Mélange (dans un même titre, hein!) de death, rock, ambiant, hardcore, thrash, mosh, heavy et… grind. Il y en a pour tout le monde et tout va assez vite à travers une exécution très précise et maîtrisée. Le chirurgical n’est pas loin non plus de ce coté-là. Ce mélange bizarre se ressent à tous les niveau même avec le chant, tour à tour et dans le désordre hurlé, parlé, scandé, susurré, grogné, vomi… Bref, tout un tas de chose qui rendent la galette assez déconcertante. Et c’est là que tout se joue parce qu’à ce genre de jeu on accroche ou on n’accroche pas du tout. Dommage mais cela n’a pas touché le cœur du chroniqueur qui trouve que cela ressemble plus à une mascarade démonstrative qu’à autre chose. Il me semble qu’un minimum d’unité est nécessaire tout autant qu’une sphère d’inspiration cohérente pour que puisse se développer une personnalité musicale. Alors quand on entend un passage doom dépressif juste après du grind, on est en droit d’avoir peur.

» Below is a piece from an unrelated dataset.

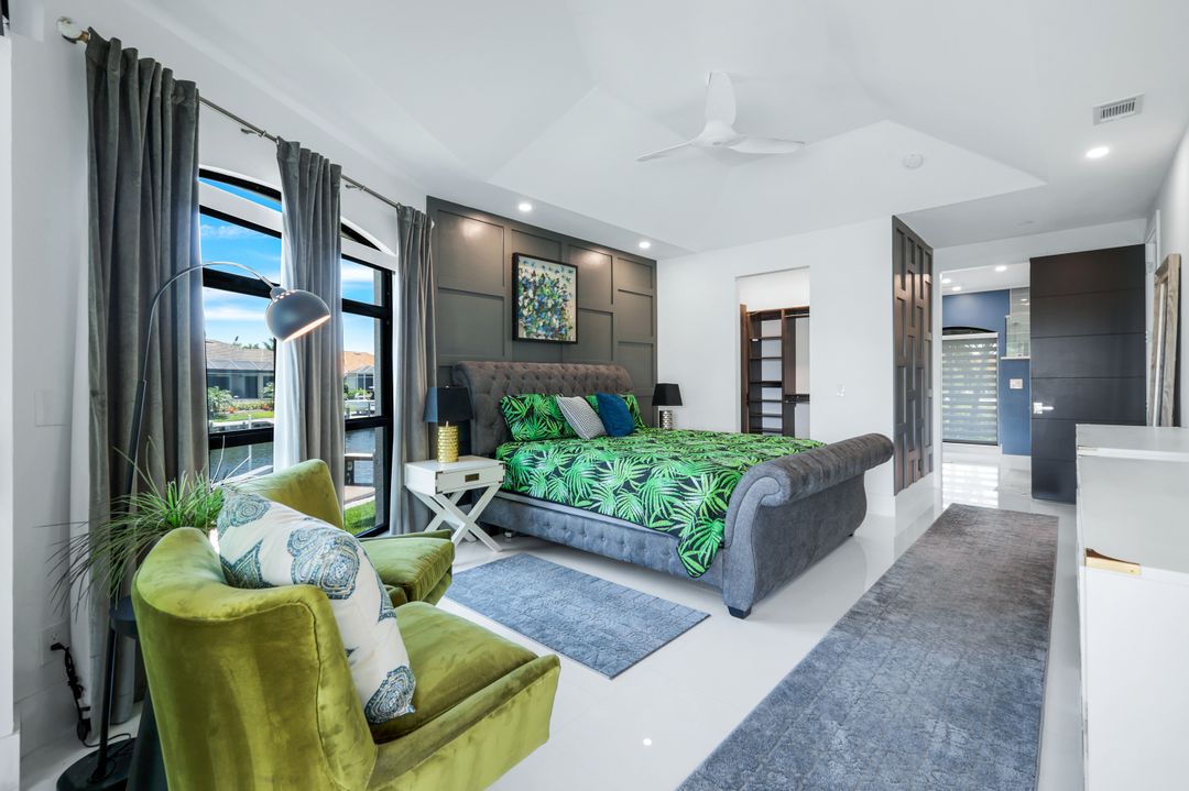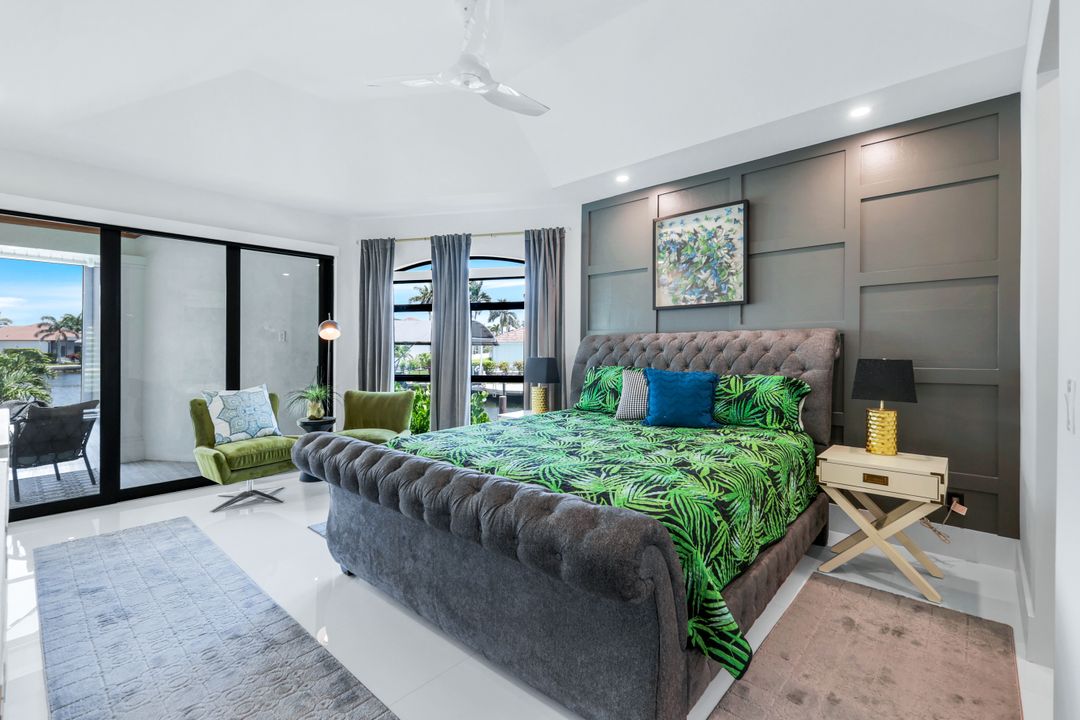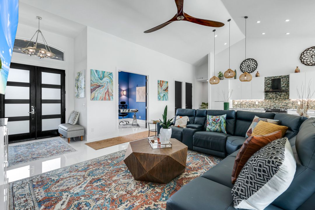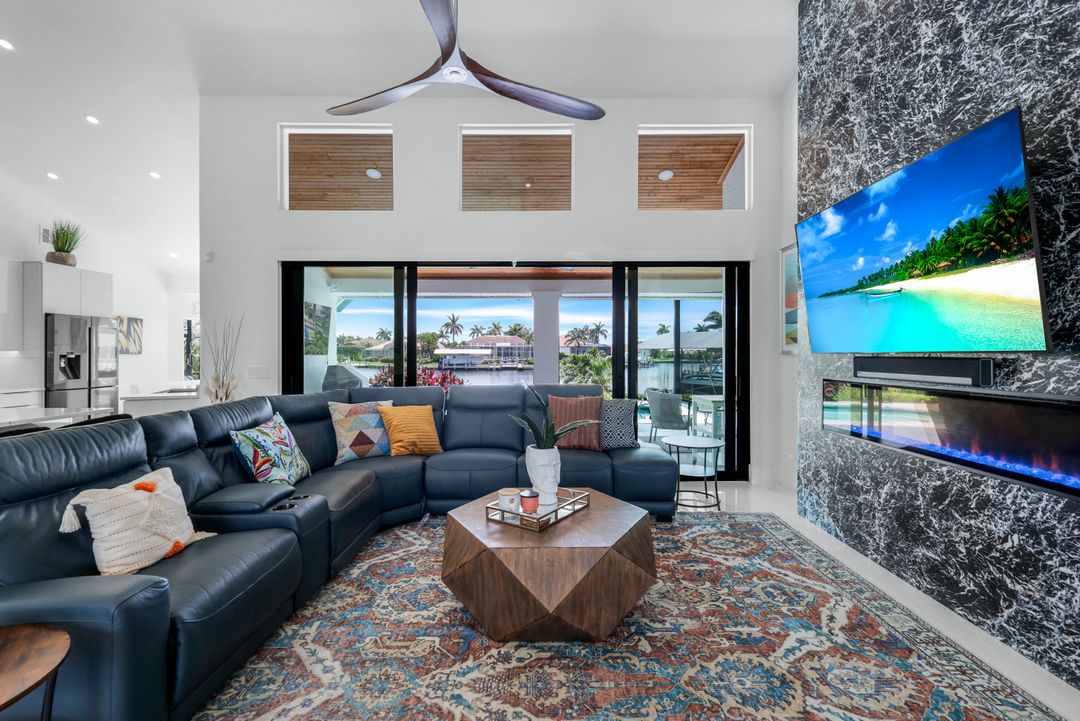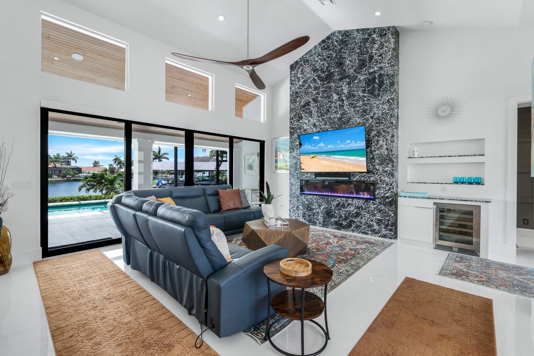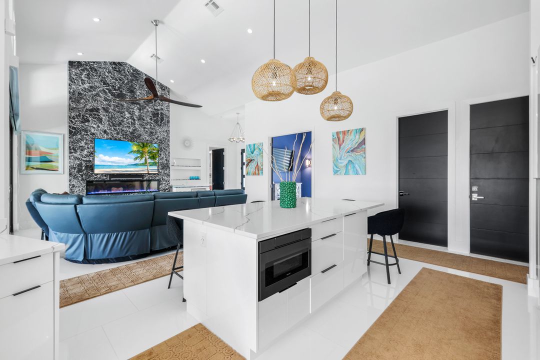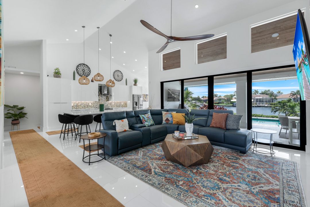 Showcasing a sophisticated architectural footprint and curated design elements, the home has been reimagined with high-end modern coastal finishes, including impact-rated windows and doors, porcelain tile flooring throughout, a striking oversized entry door, and elegant cathedral ceilings enhanced by clerestory windows, automatic blinds and expansive sliders that bathe the interiors in natural light.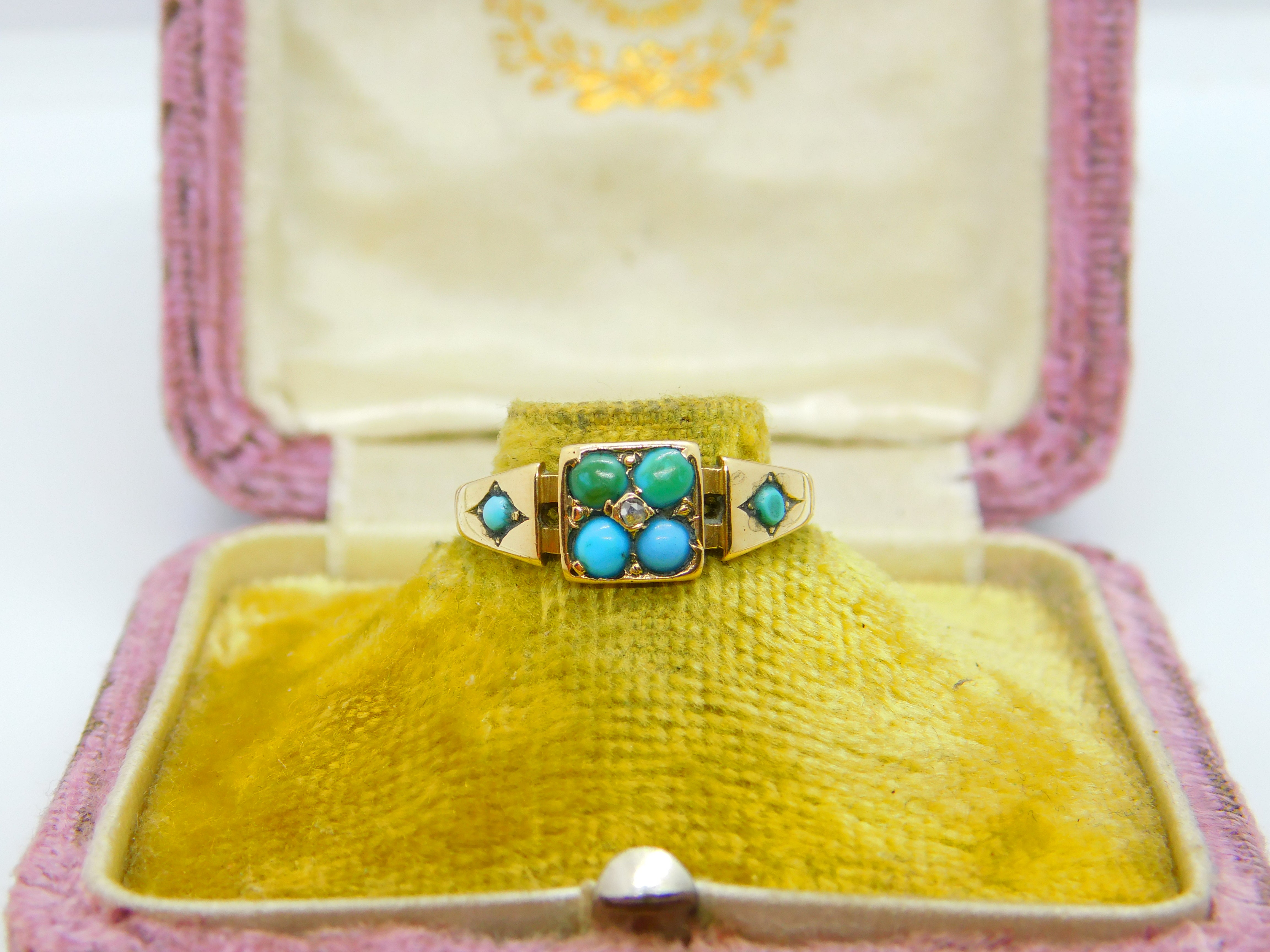 Victorian 15ct Yellow Gold, Turquoise & Diamond Ring 1876 Birmingham Antique

Et c’est dommage, parce qu’il y a des parties hallucinantes comme cette violence insolente et psychiatrique sur "Shelter From The Sand," presque dans l’ambiance du dernier Chimera de Mayhem, suivie d’un passage au piano dans la plus calme des torpeurs. Bon, après, un passage bien ridicule au chant clair à la Indochine (attention, je respecte Indochine…) vient tout gâcher. Et tout est comme ça. Des riffs à la Benighted sont suivis de plans expérimentaux indo-malsain. "Words That Go Unspoken Part 1" introduit telle une chansonnette de prog finit en plans à la Krabathor. Sur le plan du son, la production est correcte, quoique les guitares soient un peu et la batterie trop en avant pour le coup. Le tout passe bien quand même. On sent le travail réalisé en arrière plan.

Au bout du compte, c’est très énervant parce qu’il y a des choses vraiment excellentes, ici et là, mais soient trop courtes soient perdues dans un amalgame d’influences diverses, toutes aussi bien interprétées les unes que les autres il faut le reconnaître. Les parties de guitares sont souvent bien vues, techniques à souhait, tout comme la batterie et les interventions instrumentales plus acoustiques ou électro. On reproche souvent à la nouvelle scène extrême le patchwork un peu systématique d’idées sans relation, et là, c’en est un peu le comble. N’ayant jamais pris connaissance des œuvres précédentes de ce groupe, je laisse à l’entière appréciation des auditeurs ce Words That Go Unspoken, Deeds That Go Undone qui laisse de marbre avec au fond une certaine frustration. Avis tout de même aux malades de la tête qui aimeraient comprendre ce que ça fait d’être psychopathe.